First steps with Apache Spark on K8s (part #3): GCP Spark Operator and auto scaling
All you will read here is personal opinion or lack of knowledge :) Please feel free to contact me for fixing incorrect parts.
In previous blogposts I have described how to setup environment for Kubernetes and how to auto scale Standalone Spark. In this post let’s have a look on GCP Spark Operator. Join my journey with K8s and Spark! Operator versions shown below:
Installation is pretty simple, just use helm. I’m not providing namespace as using default one:
#1.helm repo add spark-operator https://googlecloudplatform.github.io/spark-on-k8s-operatorhelm install gcp-spark-operator spark-operator/spark-operator
Double check if deployment was successful:
#2.kubectl get deployments
kubectl get po
To understand how horizontal auto scaling works in GCP Spark Operator I will use several scripts:
#3.git clone https://github.com/domasjautakis/spark-operator-gcp
As the first step service account, cluster role binding and then operator should be created:
#4.kubectl apply -f spark-operator-gcp/1.rbac.yaml
kubectl apply -f spark-operator-gcp/2.spark-app-gcpoperator.yaml
Horizontal auto scaling
Check example application:
#5.more spark-operator-gcp/3.spark-app-gcpoperator-scaled.yaml
What is the difference between provided example and this small dummy app?
The dynamicAllocation block is added in specification, which describes preferences of scaling. This block actually describes horizontal auto scaling parameters. In this case it’s set from 2 to 10 executors as required. Also arguments block is added which is used for input parameters. 10 — is relatively small random sample input parameter for this app, so it will scale, but not to the maximum replicas.
Most probably the best tool which grafically represents PODs scaling is Minikube dashboard, but in my case I will use simple console:
#6.kubectl apply -f spark-operator-gcp/3.spark-app-gcpoperator-scaled.yaml
kubectl get po
Next app is totally the same, just with input argument set to 100000 which gives a bit more load :)

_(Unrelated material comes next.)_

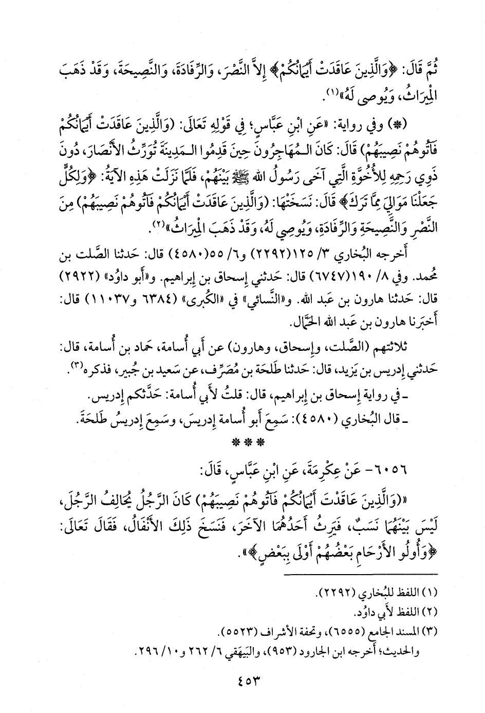 «(والذين عاقدت أيمانكم فآتوهم نصيبهم) كان الرجل يحالف الرجل، ليس بينهما نسب، فيرث أحدهما الآخر، فنسخ ذلك الأنفال، فقال تعالى: {وأولو الأرحام بعضهم أولى ببعض}».

#7.kubectl apply -f spark-operator-gcp/4.spark-app-gcpoperator-scaled.yaml
kubectl get po
Vertical auto scaling
There is no such term as vertical auto scaling in K8s world, but my understanding and personal opinion is that POD can scale inside itself with provided resource and resource limits. Probably that might be possible only with operators:
I haven’t found option to set “vertical” scaling in executor POD — something like cores/coresLimit and memory/memoryLimit. Some similar configuration items exists, but actually they represents different functionality.
Conclusion: horizontal auto scaling of Spark workers with GCP Spark operator is pretty obvious and simple. There were not HPA object type created during scaling — so that is a bit strange. Overall it’s great user experience, as it has decent documentation and wide community. Personally — love it!